§ **REQUIRED WORK**:
Please return the full listing exactly as written, with the images removed.

§ **THE DATA**:

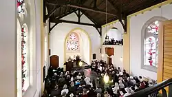 Seit etwa 1995 wird nach nahezu allen Gottesdiensten zum Kirchenkaffee in das Gemeindehaus eingeladen. Beginnend in der Amtszeit von Pfarrer Martin Jordan wurde die Gottesdienstzeit an einigen Sonntagen auf Sonntagnachmittag verlegt. Diese Gottesdienste sind meist „besondere Gottesdienste“ wie etwa Jugendgottesdienste. Beginnend mit der Amtszeit des Pfarrerehepaars Peters/Urban wird einmal im Monat der Beginn des Gottesdienstes auf 11 Uhr verlegt und als Familiengottesdienst mit anschließendem Mittagessen im Gemeindehaus gefeiert. Die Gottesdienste zu Weihnachten und zur Konfirmation, bei denen die Platzkapazität der Kirche nicht ausreichend ist, können in das nahegelegene Gemeindehaus übertragen werden, wo weitere gut 100 Sitzplätze vorhanden sind.[27]
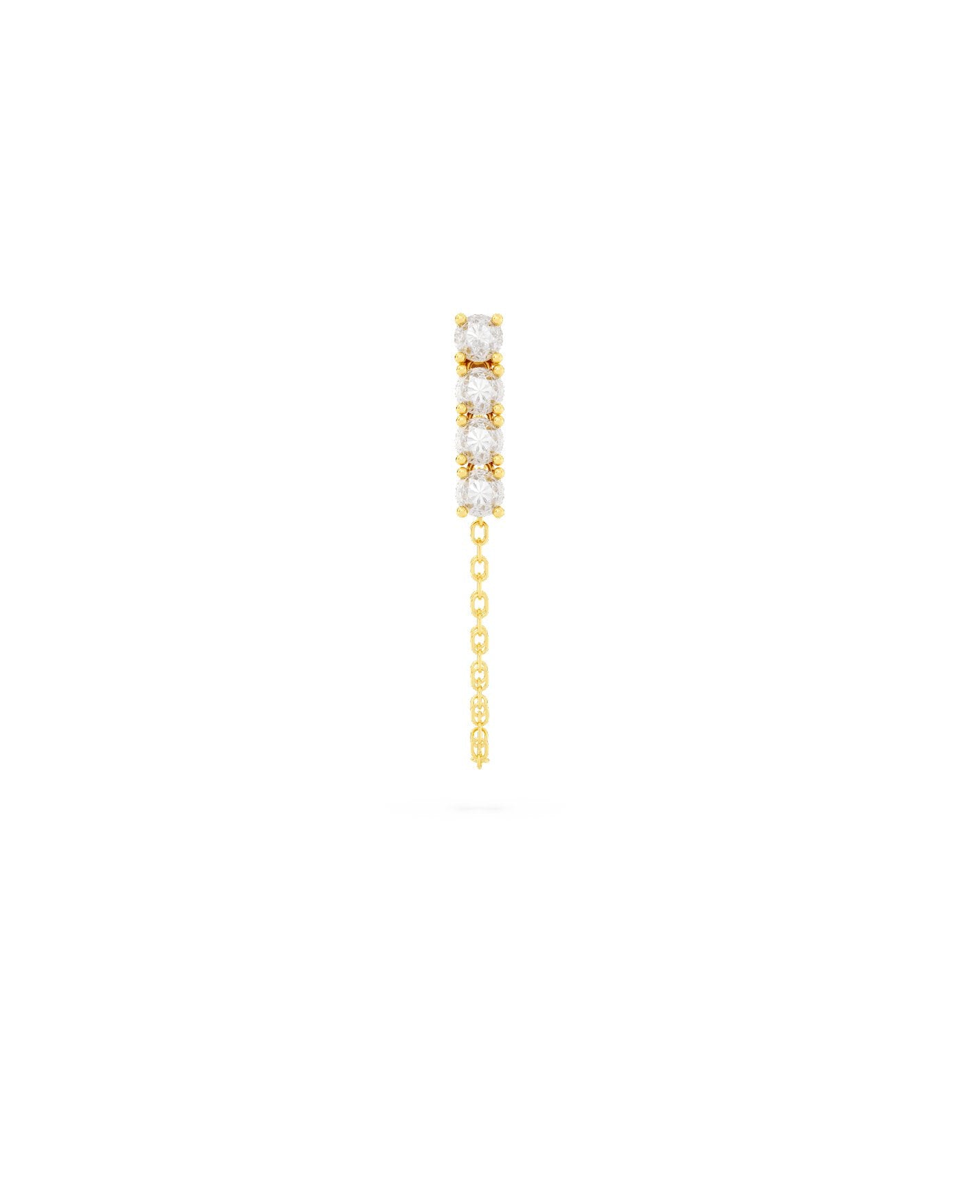 Bond Light nasce con un’anima urban-chic, ma la sua luminosità lo rende perfetto anche per look serali più sofisticati. Quattro punti luce si dispiegano in verticale, collegati da una catena sottile.
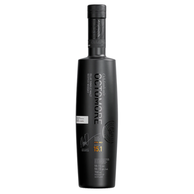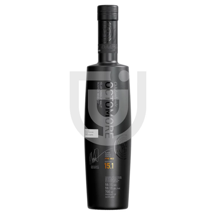 A Bruichladdich Octomore Edition.15.1 Whisky folytatja a sort a világ legfüstösebb whiskyjeinek elkészítésére a maga 108,2 PPM-ével (parts per million, a füstösség mérésére adott érték). Ez a tétel adja a szerkezetét a sorozatnak, az összehasonlítási alap a többi kiadáshoz. 100% skót árpából készülő tétel magas intenzitású tőzegfüstölésen megy át, majd 5 éven át első töltésű bourbon és újra égetett ex-Bourbon hordókban érlelődött, oda figyelve arra, hogy a fából a legtöbb ízt kitudják nyerni. A füstös dominancia mellett olyan tölgyes karakterek is felfedezhetőek, mint a vanília puding lágy édessége és a fűszerek harmóniája. Érdemes pár csepp víz hozzáadása után is megkóstolni a párlatot, még jobban kibontakoznak a füstös ízek és finom tengeri jegyekkel is kiegészül a korty.
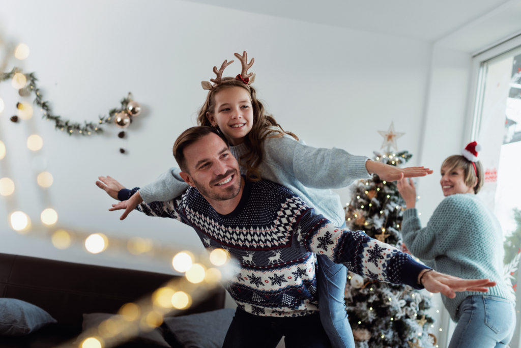 Christmas morning goofing with children ID: 69085 Father carrying daughter piggyback on a joyous Christmas morning

§ **OUTPUT FOR THIS EXERCISE**:
 Seit etwa 1995 wird nach nahezu allen Gottesdiensten zum Kirchenkaffee in das Gemeindehaus eingeladen. Beginnend in der Amtszeit von Pfarrer Martin Jordan wurde die Gottesdienstzeit an einigen Sonntagen auf Sonntagnachmittag verlegt. Diese Gottesdienste sind meist „besondere Gottesdienste“ wie etwa Jugendgottesdienste. Beginnend mit der Amtszeit des Pfarrerehepaars Peters/Urban wird einmal im Monat der Beginn des Gottesdienstes auf 11 Uhr verlegt und als Familiengottesdienst mit anschließendem Mittagessen im Gemeindehaus gefeiert. Die Gottesdienste zu Weihnachten und zur Konfirmation, bei denen die Platzkapazität der Kirche nicht ausreichend ist, können in das nahegelegene Gemeindehaus übertragen werden, wo weitere gut 100 Sitzplätze vorhanden sind.[27]
 Bond Light nasce con un’anima urban-chic, ma la sua luminosità lo rende perfetto anche per look serali più sofisticati. Quattro punti luce si dispiegano in verticale, collegati da una catena sottile.
 A Bruichladdich Octomore Edition.15.1 Whisky folytatja a sort a világ legfüstösebb whiskyjeinek elkészítésére a maga 108,2 PPM-ével (parts per million, a füstösség mérésére adott érték). Ez a tétel adja a szerkezetét a sorozatnak, az összehasonlítási alap a többi kiadáshoz. 100% skót árpából készülő tétel magas intenzitású tőzegfüstölésen megy át, majd 5 éven át első töltésű bourbon és újra égetett ex-Bourbon hordókban érlelődött, oda figyelve arra, hogy a fából a legtöbb ízt kitudják nyerni. A füstös dominancia mellett olyan tölgyes karakterek is felfedezhetőek, mint a vanília puding lágy édessége és a fűszerek harmóniája. Érdemes pár csepp víz hozzáadása után is megkóstolni a párlatot, még jobban kibontakoznak a füstös ízek és finom tengeri jegyekkel is kiegészül a korty.
 Christmas morning goofing with children ID: 69085 Father carrying daughter piggyback on a joyous Christmas morning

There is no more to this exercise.